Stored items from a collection
┄┄┄┄┄┄

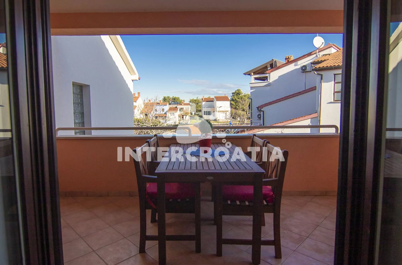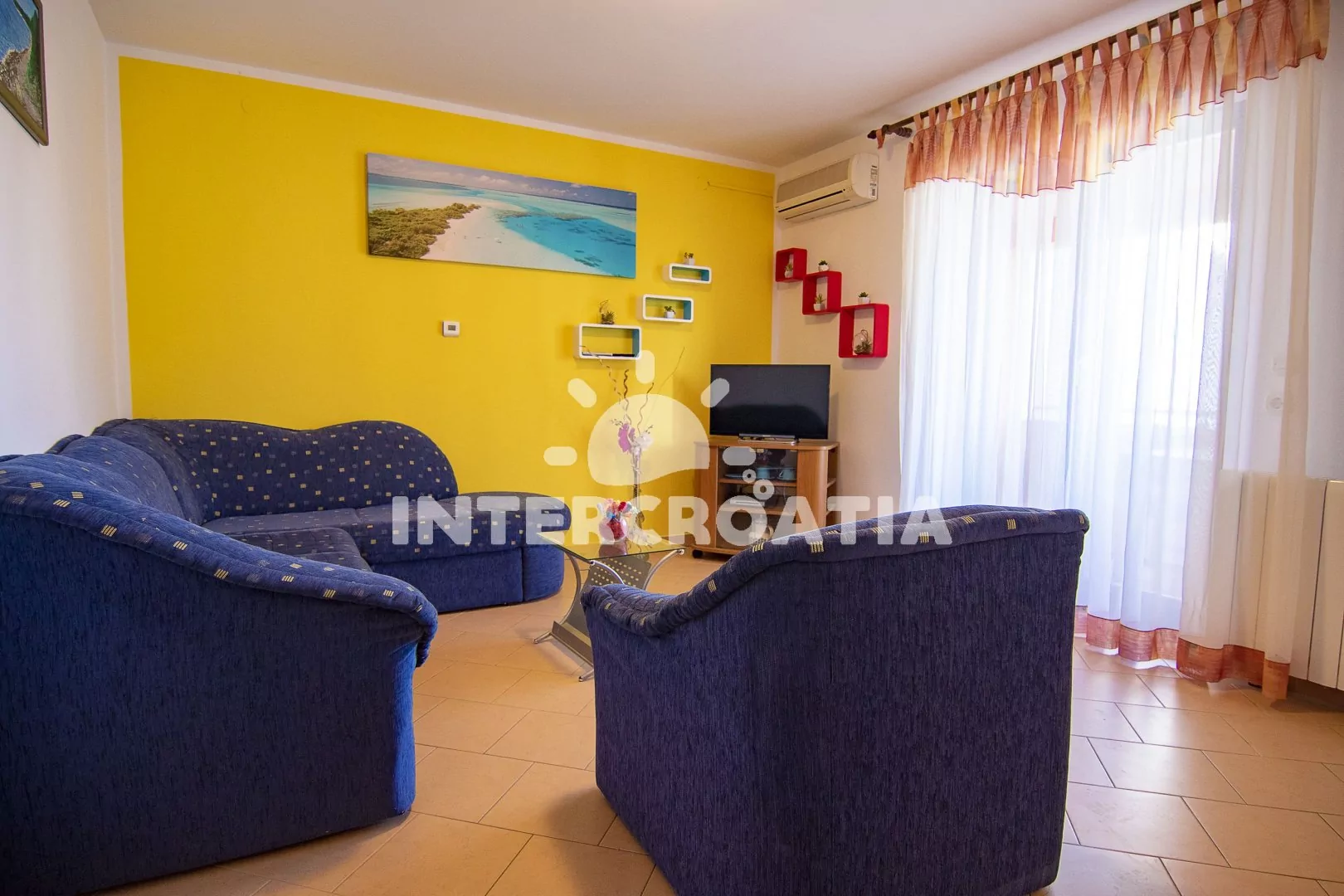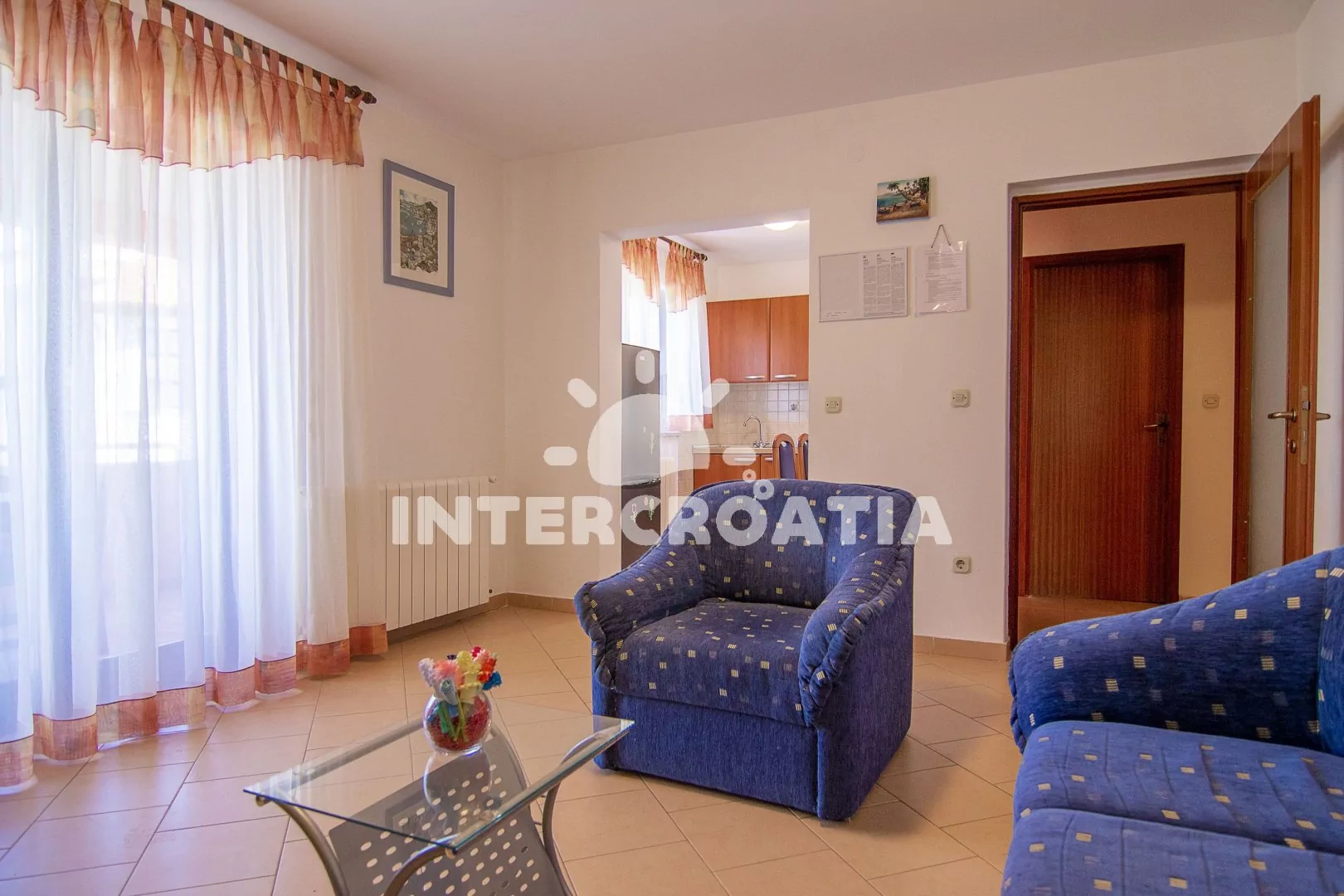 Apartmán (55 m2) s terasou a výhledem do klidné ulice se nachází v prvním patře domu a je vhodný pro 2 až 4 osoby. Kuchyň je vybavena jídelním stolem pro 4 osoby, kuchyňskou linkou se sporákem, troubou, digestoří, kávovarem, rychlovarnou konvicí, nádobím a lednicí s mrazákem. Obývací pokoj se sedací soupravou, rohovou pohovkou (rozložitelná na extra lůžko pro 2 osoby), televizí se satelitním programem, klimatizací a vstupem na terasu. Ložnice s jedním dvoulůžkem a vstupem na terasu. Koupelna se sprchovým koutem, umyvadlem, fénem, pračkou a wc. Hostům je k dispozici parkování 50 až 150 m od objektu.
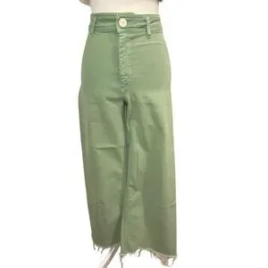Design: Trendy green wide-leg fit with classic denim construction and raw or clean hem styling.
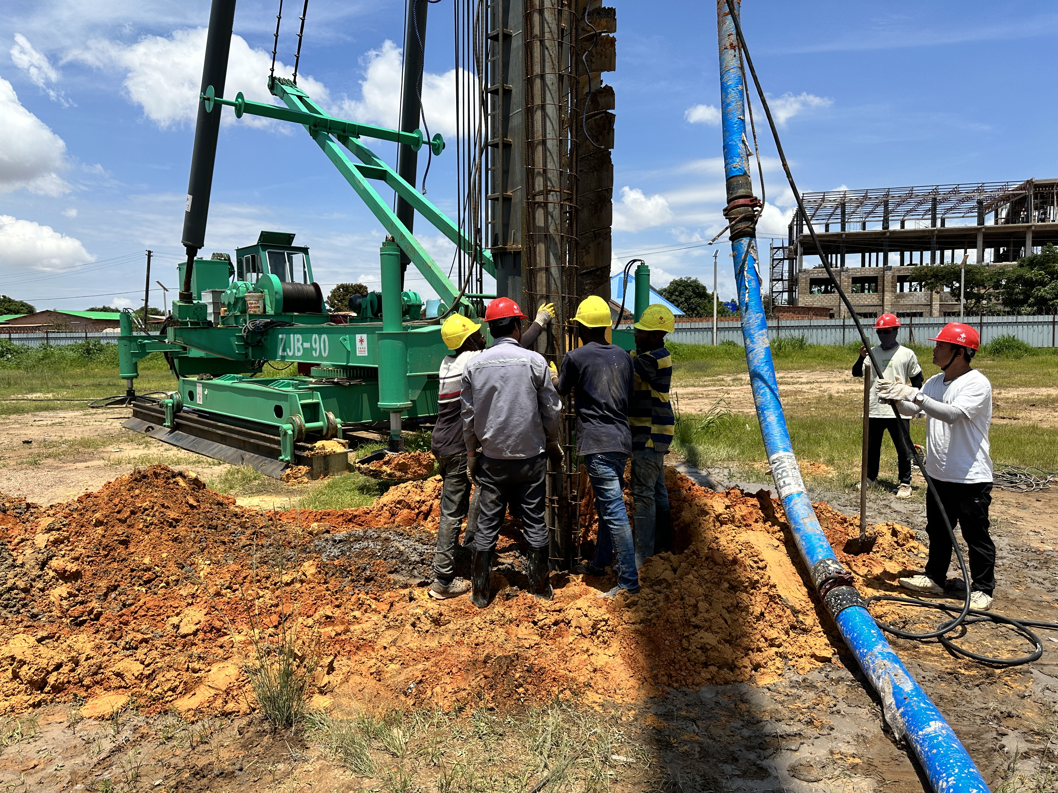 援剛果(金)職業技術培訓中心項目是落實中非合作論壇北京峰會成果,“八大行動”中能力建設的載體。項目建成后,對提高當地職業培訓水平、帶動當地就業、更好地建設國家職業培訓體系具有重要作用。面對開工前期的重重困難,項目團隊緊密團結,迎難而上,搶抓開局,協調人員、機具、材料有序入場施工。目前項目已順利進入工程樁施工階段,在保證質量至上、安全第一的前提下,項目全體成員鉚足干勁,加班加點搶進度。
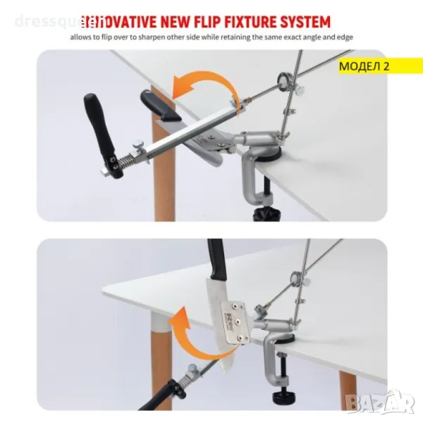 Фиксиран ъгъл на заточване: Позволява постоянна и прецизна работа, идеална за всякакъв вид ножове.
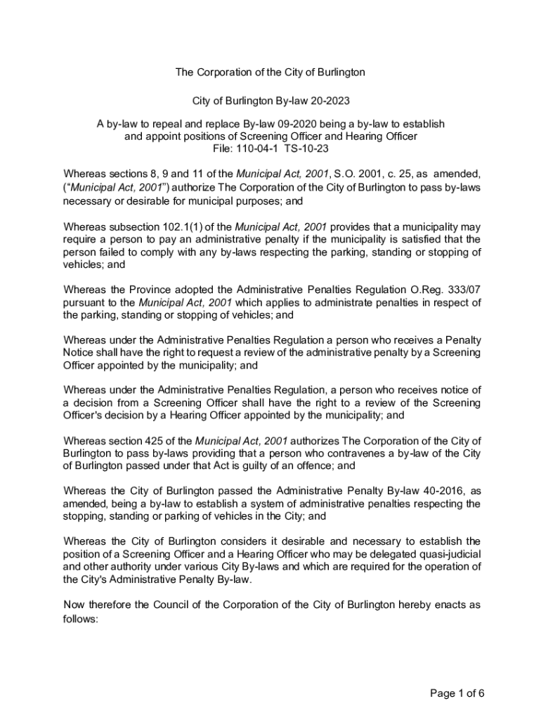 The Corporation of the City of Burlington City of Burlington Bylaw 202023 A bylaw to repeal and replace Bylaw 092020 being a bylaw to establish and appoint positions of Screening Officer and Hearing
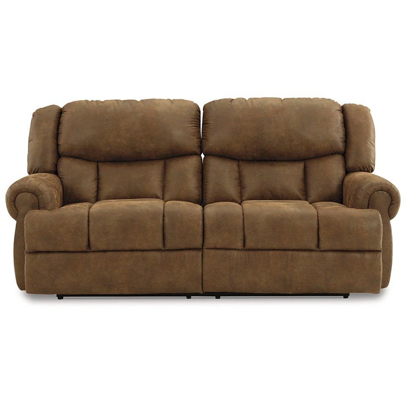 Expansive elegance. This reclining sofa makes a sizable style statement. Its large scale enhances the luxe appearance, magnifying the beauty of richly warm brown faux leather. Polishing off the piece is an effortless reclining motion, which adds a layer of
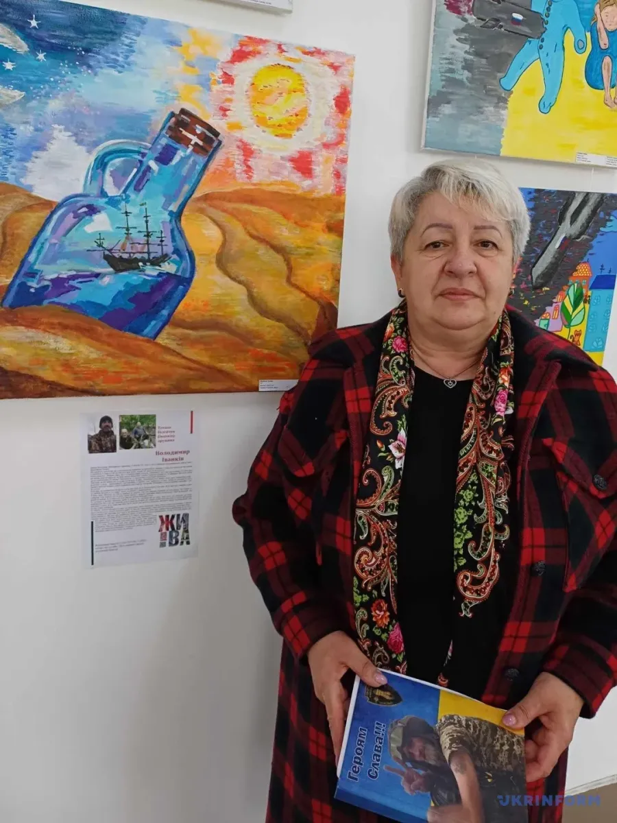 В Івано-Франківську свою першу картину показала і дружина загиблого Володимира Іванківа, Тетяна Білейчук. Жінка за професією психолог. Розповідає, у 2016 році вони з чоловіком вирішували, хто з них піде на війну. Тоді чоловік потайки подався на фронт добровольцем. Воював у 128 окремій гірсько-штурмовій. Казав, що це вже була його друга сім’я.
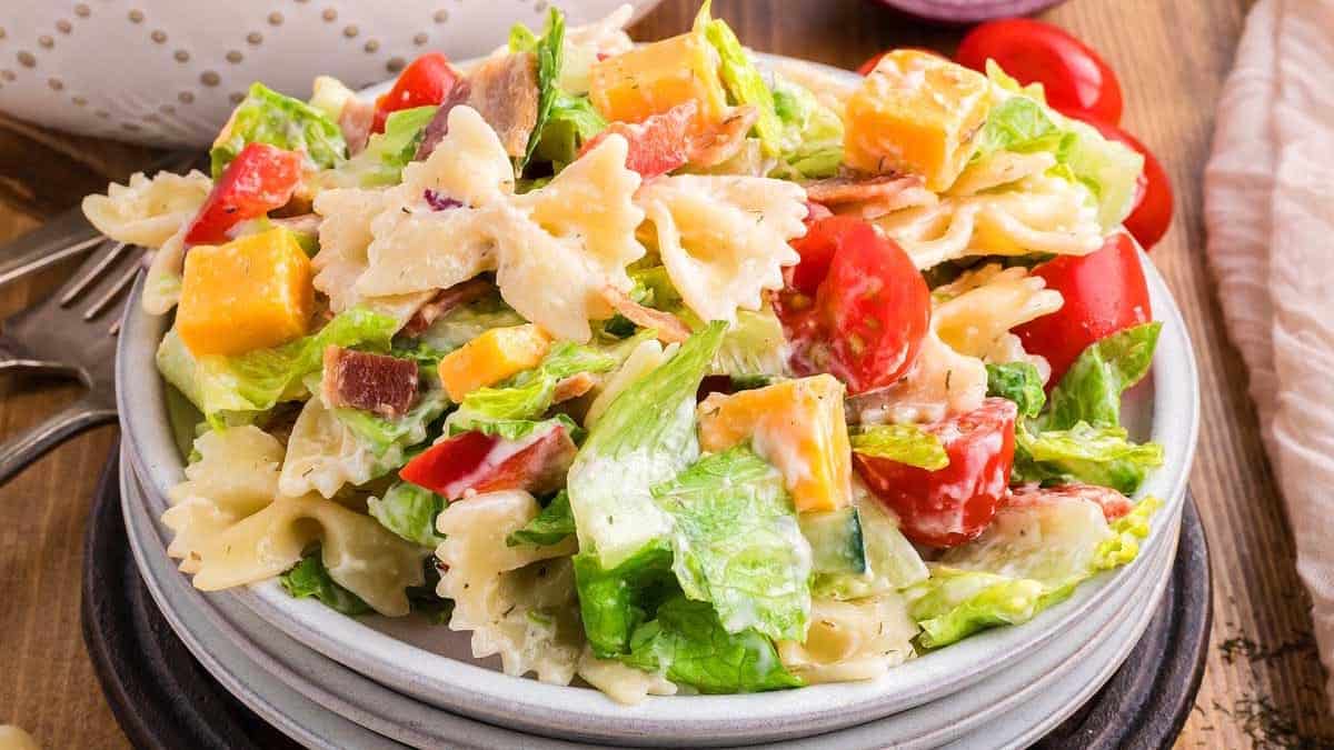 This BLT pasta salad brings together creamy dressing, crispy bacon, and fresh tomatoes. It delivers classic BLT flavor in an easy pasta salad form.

┄┄┄┄┄┄

WHAT TO WORK ON: All of the entries above need to be transcribed exactly, except for the pictures.

RESULT:
 Apartmán (55 m2) s terasou a výhledem do klidné ulice se nachází v prvním patře domu a je vhodný pro 2 až 4 osoby. Kuchyň je vybavena jídelním stolem pro 4 osoby, kuchyňskou linkou se sporákem, troubou, digestoří, kávovarem, rychlovarnou konvicí, nádobím a lednicí s mrazákem. Obývací pokoj se sedací soupravou, rohovou pohovkou (rozložitelná na extra lůžko pro 2 osoby), televizí se satelitním programem, klimatizací a vstupem na terasu. Ložnice s jedním dvoulůžkem a vstupem na terasu. Koupelna se sprchovým koutem, umyvadlem, fénem, pračkou a wc. Hostům je k dispozici parkování 50 až 150 m od objektu.
Design: Trendy green wide-leg fit with classic denim construction and raw or clean hem styling.
 援剛果(金)職業技術培訓中心項目是落實中非合作論壇北京峰會成果,“八大行動”中能力建設的載體。項目建成后,對提高當地職業培訓水平、帶動當地就業、更好地建設國家職業培訓體系具有重要作用。面對開工前期的重重困難,項目團隊緊密團結,迎難而上,搶抓開局,協調人員、機具、材料有序入場施工。目前項目已順利進入工程樁施工階段,在保證質量至上、安全第一的前提下,項目全體成員鉚足干勁,加班加點搶進度。
 Фиксиран ъгъл на заточване: Позволява постоянна и прецизна работа, идеална за всякакъв вид ножове.
 The Corporation of the City of Burlington City of Burlington Bylaw 202023 A bylaw to repeal and replace Bylaw 092020 being a bylaw to establish and appoint positions of Screening Officer and Hearing
 Expansive elegance. This reclining sofa makes a sizable style statement. Its large scale enhances the luxe appearance, magnifying the beauty of richly warm brown faux leather. Polishing off the piece is an effortless reclining motion, which adds a layer of
 В Івано-Франківську свою першу картину показала і дружина загиблого Володимира Іванківа, Тетяна Білейчук. Жінка за професією психолог. Розповідає, у 2016 році вони з чоловіком вирішували, хто з них піде на війну. Тоді чоловік потайки подався на фронт добровольцем. Воював у 128 окремій гірсько-штурмовій. Казав, що це вже була його друга сім’я.
 This BLT pasta salad brings together creamy dressing, crispy bacon, and fresh tomatoes. It delivers classic BLT flavor in an easy pasta salad form.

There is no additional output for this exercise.